Finding $\sqrt{a+ib}$ How do to find the square root of a complex number?
$z=a+ib$
$z=\sqrt{3+i4}=a+ib$
remove the square by squaring both side
$a^2+2iab+b^2=3+i4$
$a^2+b^2=3$
$2ab=4$
So I just solve the simultaneous equation. But my friend is telling me this way I am doing is wrong. Can anyone give a hand, thank in advance
 A: Be careful : $(a+ib)^{2}=a^{2}-b^{2}+2iab$ !
A: The method is correct, you identify the real and imaginary parts:
$$\begin{cases}x^2-y^2=a,\\2xy=b.\end{cases}$$
Then multiplying the first equation by $4x^2$,
$$4x^4-4ax^2-4x^2y^2=4x^4-4ax^2-b^2=(2x^2-a)^2-a^2-b^2=0,$$
giving
$$x^2=\frac{\pm\sqrt{a^2+b^2}+a}2.$$
As we need $a$ to be real, only the $+$ sign is useful and
$$x=\pm\sqrt{\frac{\sqrt{a^2+b^2}+a}2}.$$
A: You can make it shorter using the moduli: you eventually have to solve the system
$$\begin{cases}a^2+b^2=5\\a^2-b^2=3 \\ab=2\\\end{cases}\iff \begin{cases}a^2 =4\\b^2=1\\ab>0\end{cases}$$
The last condition means $a$ and $b$ have the same sign,, so the square roots of $3+4i$ are
$$\color{red}{\pm(2+i)}.$$
A: If you really want the square root of an arbitrary complex number, then solving simultaneous equations is great.... well, it's what you've got. If you happen to know that you're dealing with a complex number that has a "nice" square root (i.e., rational real and imaginary parts), then you can use some tricks.
The norm of $a+bi$ is given by $a^2+b^2$, and is a multiplicative function. Thus, if you want the square root of, say $-\frac7{12}+\frac59i$, start by checking its norm: $\left(\frac7{12}\right)^2+\left(\frac59\right)^2=\frac{49}{144}+\frac{25}{81}=\frac{841}{1296}$. That's equal to $\left(\frac{29}{36}\right)^2$, so the square root, assuming there's a nice one, has norm $\frac{29}{36}$. Looking at that, you might guess $\frac56$ and $\frac26$ as options for real/imaginary parts, in some order. To decide which one, I'd look at where $-\frac7{12}+\frac59i$ lies in the plane - it's along the $\Bbb R^2$ vector $(-21,20)$. Splitting that angle in half mentally, we expect something in the part of the first quadrant nearer the positive imaginary axis, so we try $\frac13+\frac56i$, and that works.

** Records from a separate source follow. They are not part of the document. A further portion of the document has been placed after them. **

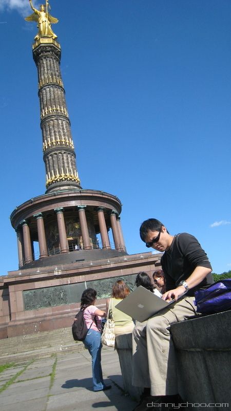 Catching up on project progress with my developers over IM outside the Victory Column. Berlin (and Hamburg) was covered with Wifi everywhere - not free though.
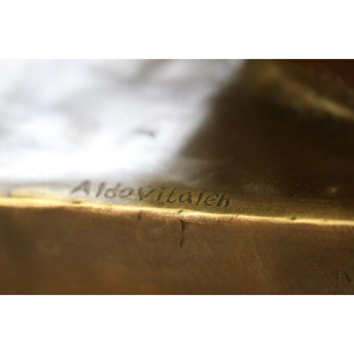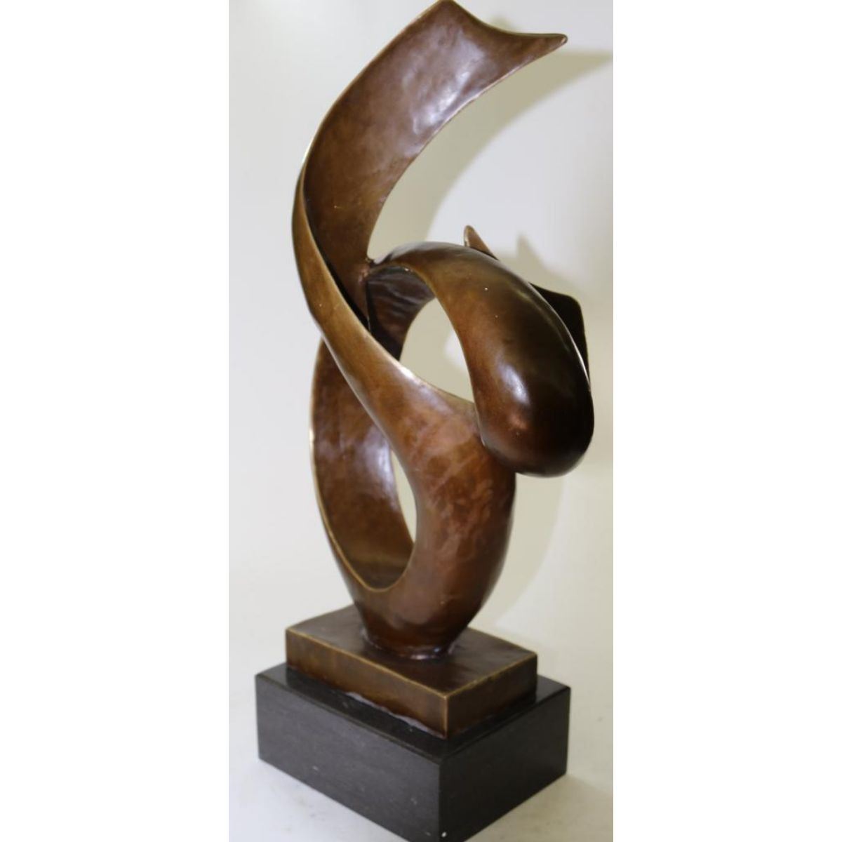 "Geometric Abstraction" large size modern sculpture. Signed Aldo Vitaleh on base. Lost wax casting method bronze, with brown patina, mounted on marble base. 30" H X 18" W. 68lbs. Â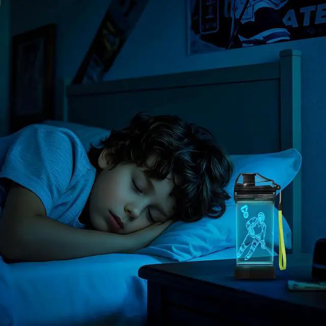 COOL DESIGN. Water bottle + night light + hockey pattern (3 IN 1). The glow in the dark baseball water bottle is a combination of art and technology that creates an optical 3D illusion and challenge your mind.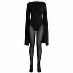 Whether you’re heading to an exclusive event or leveling up your street style, this bodysuit offers a seamless, second-skin fit that highlights your curves while the cape adds a regal touch of mystery.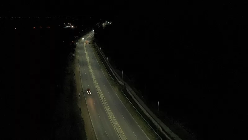 Las luminarias instaladas son LED de 180 vatios de potencia y 27.000 lúmenes cada una, acordes a las normas vigentes para este tipo de calzada.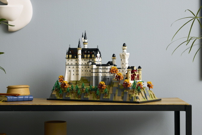 먼저 '노이슈반슈타인 성'은 총 3,455개의 브릭을 사용해 독일 바이에른주의 고풍스러운 성과 주변 경관을 섬세하게 표현했다. 안뜰로 이어지는 길과 높이 솟은 첨탑과 포탑, 양쪽으로 경사진 박공지붕 등 건축물의 특징을 모두 담고 있다. 초록색과 주황색 잎사귀 모양 브릭을 활용하면 여름철과 가을철 조경을 손쉽게 바꿔 연출할 수 있다.
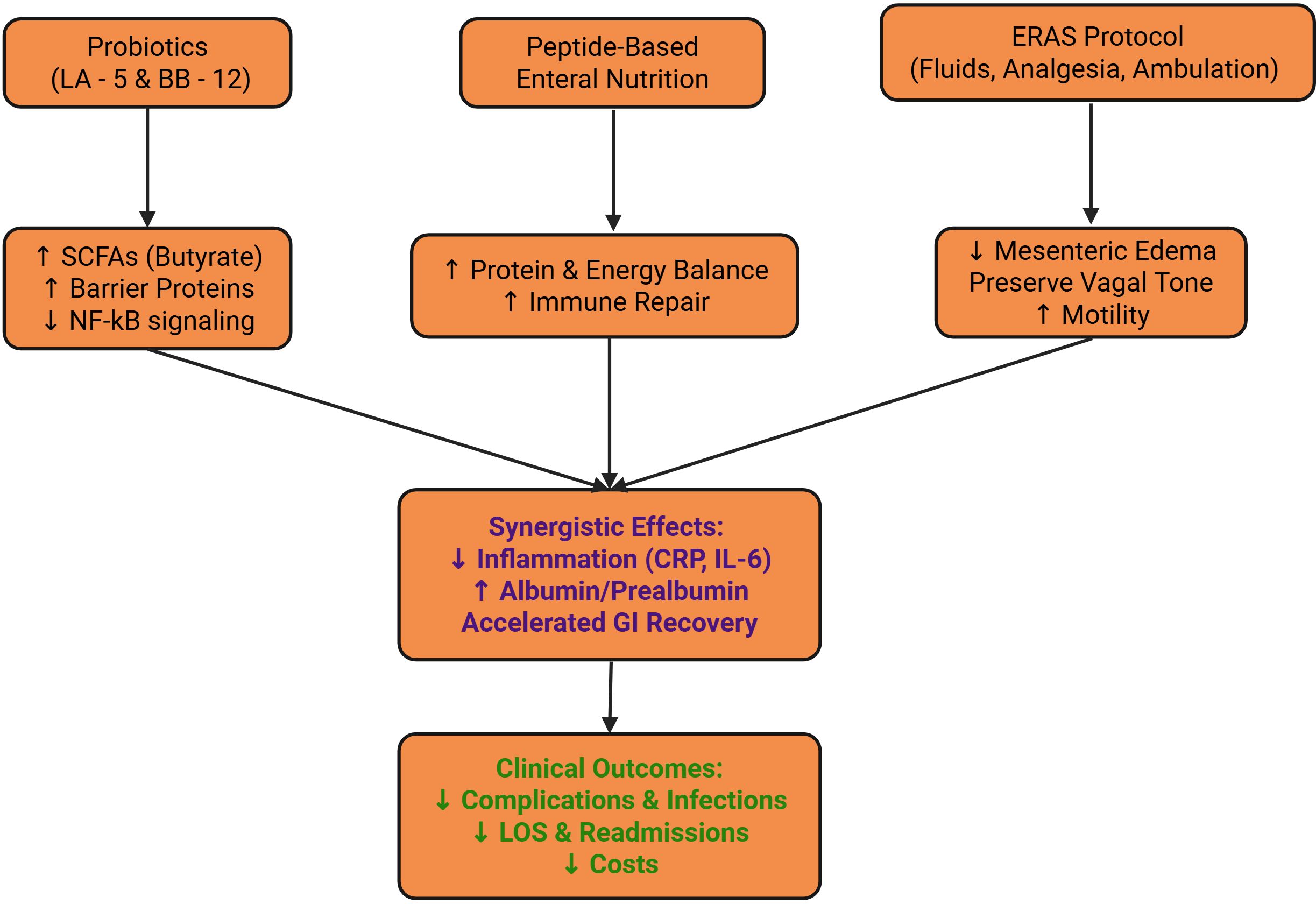 Figure 5. Biological and clinical mechanisms by which probiotics, peptide-based enteral nutrition, and ERAS synergize to promote recovery in laryngeal cancer patients.

Again, this is not a general approach for any complex number, but for something that arises in a context where you expect its square root to be reasonably nice, and where the numbers aren't too messy, this is great.
A: Much easier: If you want to find $\sqrt{a+ib}$ start by writing $$a+ib=re^{it}$$for some $r>0$ and $t\in\mathbb R$.